I have a large text document filled with random words, URLs, email addresses, etc. Example: "word 2014 john@doe.com http://www.example.com/ http://example.com/image.gif ", but it may look different, there may be line breaks, several spaces, tabs etc. And the data can very quickly become huge (this is a type of bookmarking service, so the data comes all the time in the form of images, text and hyperlinks).
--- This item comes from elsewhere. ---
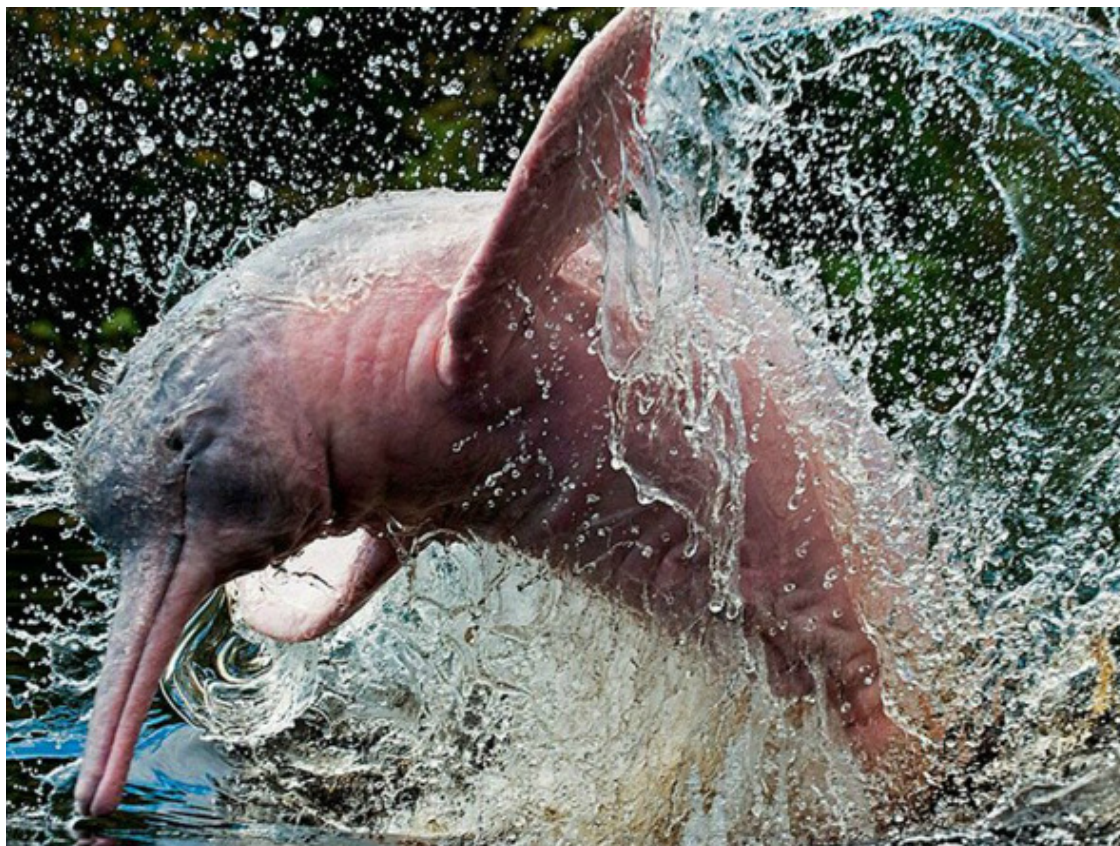
Розовый дельфин Амазонки – иния.

Ото всех этих дельфинов я, простите, почти очумела. Ни на одном море столько не видела. Тем не менее немного расстроилась, когда свернули с Амазонки и пошли по притоку Момон. Дельфинов здесь уже не было, но с удовольствием обнаружила, что скучать мне не придётся.

Another example of content in a text document (the one I use for testing):
http://movpod.in/images3/MovPod-logo.png
https://dt8kf6553cww8.cloudfront.net/static/images/developers/chooser-drawing-vfln1ftk6.png
http://xregexp.com/assets/regex_cookbook.gif
asd asd ad feaf
apa
http
I want to wrap all these lines in tags and be able to highlight images, hyperlinks, emails and lines. I tried different ways, but not sure which is the best, and there is also RegExp, which I do not quite understand.
The end result should be:
<span>word</span>
<span>2014</span>
<a class="mail" href="mailto:john@doe">john@doe.com</a>
<a class="url" href="http://www.example.com/">http:
<a class="img" href="http://example.com/image.gif">http:
Match . However, this approach does not preserve the order of the text, but it works.
arr = data.split("\n");
for (i = 0; i < arr.length; i++)
{
arr2 = arr[i].split(' ');
for (j = 0; j < arr2.length; j++)
{
if (arr2[j].match(/(.gif|.png|.jpg|.jpeg)/))
{
ext = arr2[j].substr(-4);
ext = ext.replace(".","");
imgs += '<a class="img '+ext+'" href="'+arr2[j]+'">'+arr2[j]+'</a>';
}
else if (arr2[j].match(/(http:)/))
{
urls += '<a class="url" href="'+arr2[j]+'">'+arr2[j]+'</a>';
}
else
{
spans += '<span>'+arr2[j]+'</span>';
}
}
}
Regexp . I thought it would be possible to look for the opposite in exp_all, as in any other than http. However, it is not.
var exp_img = /(https?:\/\/([\S]+?)\.(jpg|jpeg|png|gif))/g,
exp_link = /([^"])(https?:\/\/([a-z-\.]+)+([a-z]{2,4})([\/\w-_]+)\/?)/g,
exp_all = /^((?!http).)*$/g;
text = data.replace(exp_all, '<span>$3</span>');
text = text.replace(exp_img, '<a class="img" href="$1">$1</a>');
text = text.replace(exp_link, '<a class="url" href="$2">$2</a>');
So, the best way to do this plain text to HTML conversion would be appreciated. I would love if there was some kind of library for this. I looked at Markdown, but then I would still have to update the text for Markdown, so I don't think this is an option.
And if possible, I would like to remove "http: //" and make it as clean and tidy as possible.